No, tenía que ser otra cosa. ¿Algo peor? Pedro no soportaba verla así. Sintió ganas de abrazarla con fuerza, de tranquilizarla como si fuese una niña, pero sabía que a ella no le gustaría que se tomase tantas confianzas.


Inseguro y nervioso, se acercó a los pies de la cama. Buscó alguna pista con la mirada. La habitación estaba muy ordenada. No parecía haber nada fuera de lugar. El ordenador estaba apagado, pero el teléfono móvil estaba al lado de ella.
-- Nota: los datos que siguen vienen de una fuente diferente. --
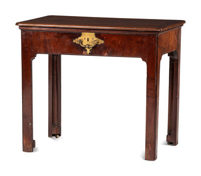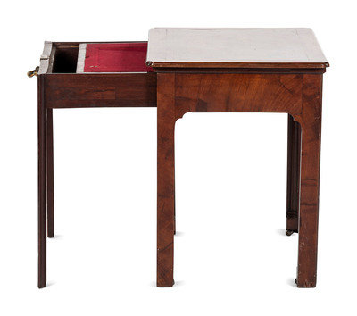having pull-out section with lined writing surface and lift-up compartment, appears to retain the original brasses and key.

Se preguntó si le habrían dado alguna mala noticia.


De repente, como si hubiese sentido su presencia, Paula levantó la cabeza y lo vio. Entonces se sentó corriendo y se limpió las lágrimas con las manos.


—Siento molestarte —se disculpó Pedro—, pero no he podido evitar oírte llorar y estaba preocupado. Tenía la esperanza de poder ayudarte de algún modo.


—Muchas gracias, pero no. Es sólo… —señaló hacia el escritorio—. ¿Podrías acercarme esa caja de pañuelos?


Pedro lo hizo y Paula se apresuró a limpiarse la cara y sonarse la nariz. Cuando hubo terminado, tiró los pañuelos húmedos encima de la mesita de noche e intentó sonreír, pero no lo consiguió.


—Debo de estar horrible.


—No me asusto fácilmente —dijo él, aliviado. Las cosas no podían ir demasiado mal, si a Paula le preocupaba su aspecto—. En cualquier caso, estás guapa con la nariz roja.


En esa ocasión, Pau consiguió sonreír un poco.


—¿Estás segura de que no puedo ayudarte?


Ella negó con la cabeza.


—Son sólo… —hizo un gesto de impotencia—. Cosas de mi familia en Italia. A veces me gustaría…


Dejó de hablar. Parecía perdida, y a Pedro se le rompió el corazón. Lo necesitaba, eso era evidente.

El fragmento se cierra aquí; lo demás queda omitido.